The three giants together have siphoned nearly $250 billion from the market. Bitcoin has already plummeted about 17% this month, briefly losing the key psychological level of $60k, hitting a new low since October 2024. Over a week, $18k has evaporated. This is no coincidence. Funds are voting with their feet—money is choosing new directions. As for where the money has gone? Most crypto enthusiasts probably have an idea: the biggest suspect is: SpaceX going public! Today, let's talk about this.
1. "Blood draw" of 250 billion: simultaneous super IPO and the largest equity financing in history
On June 12, SpaceX will officially list on NASDAQ under the ticker SPCX. According to its latest IPO filing with the SEC, the offering price is set at $135 per share, with about 555.6 million shares to be issued, raising up to $75 billion, with an overall valuation of approximately $1.77 trillion. This fundraising exceeds the roughly $29.4 billion raised during Saudi Aramco's 2019 IPO, making it the new "IPO king" globally. Of course, SpaceX's listing isn't the only one! It is understood that Alphabet, Google's parent company, announced the largest-scale equity financing plan in history on June 1, totaling $80 billion for AI infrastructure expansion. Warren Buffett's Berkshire Hathaway subscribed to $10 billion of it, with Goldman Sachs, JPMorgan Chase, and others acting as underwriters. The AI sector is equally crazy; Anthropic completed Series H funding, totaling $65 billion, with a post-money valuation of $965 billion. Tech giants like Amazon, Google, Microsoft, and NVIDIA are all involved, with Amazon and Google alone pledging over $70 billion combined. SpaceX, Google, and Anthropic together amount to about $220 billion; after SpaceX's official trading, its market cap surged into the top seven in the US, not counting the siphoning effect from secondary market buying.
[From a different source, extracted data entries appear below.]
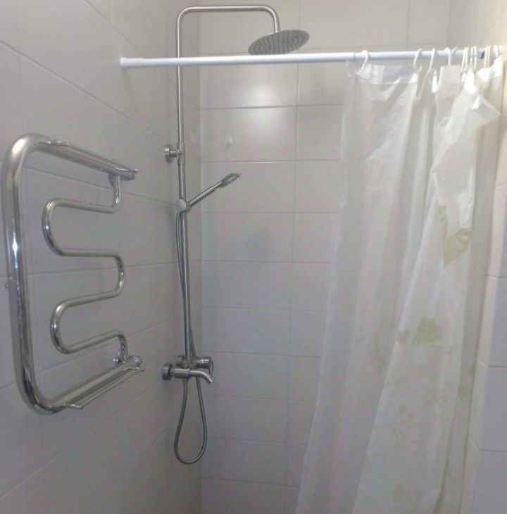 Ванная комната: душ-инсталляция, стиральная машина, электроводонагреватель (на случай отключения горячей воды летом), полотенцесушитель.
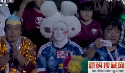 4、实际上是日本观众座位席区域的一位球迷,因为长相比较像岳云鹏,再一个奇特的装扮比较强劲,很有喜感;
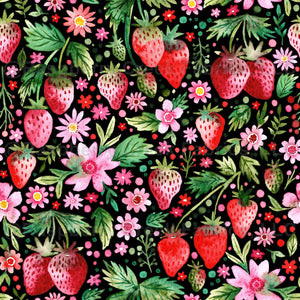Strawberries and Flowers Painted in Loose Watercolor on Black (Ditsy)
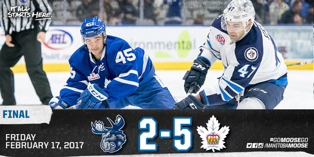 The Manitoba Moose (19-25-3-3) entered the final series of their six-game road trip, taking on the Toronto Marlies (25-22-3-1) at Ricoh Coliseum on Friday night. The Toronto powerplay looked sharp in the first period, striking twice for the Marlies. The first tally came 5:57 into the game when Dmytro Timashov’s centering pass went in off a defender’s skate. The next goal came on a late advantage as Timashov’s pass made it through the congested slot over to Trevor Moore at the far side of the net for the 2-0 goal. The Moose went to a powerplay of their own after the second Toronto marker, but couldn’t get on the board, trailing 2-0 into the second.

Analysts estimate the actual liquidity drained from the market could be closer to $250 billion or even more. In response, Strategy founder Michael Saylor characterized this capital rotation as "the biggest IPO and equity financing year of our lives," predicting a total capital inflow of $1 trillion into AI and large cloud service providers in 2026. The US AI giants are going public en masse to "grab money," and Wall Street is facing an unprecedented liquidity siphon.
2. Bitcoin falls below $60k: a new low since October 2024
On June 6, Bitcoin continued its decline, breaking below the key psychological level of $60k for the first time since October 2024, with the lowest point touching $59,750 on Coinb and $59,799 on bn, hitting a 20-month low, with a weekly drop of 16%. Over the past month, Bitcoin has fallen from over $80k to nearly $60k. Just in the first few days of June, Bitcoin lost the critical support level maintained for months. The entire crypto market was hit hard. US stocks and crypto concept stocks also plunged; Strategy fell nearly 6%, Robinhood dropped over 3%, Circle and Coinb declined close to 3%. Market panic has spread across all risk assets.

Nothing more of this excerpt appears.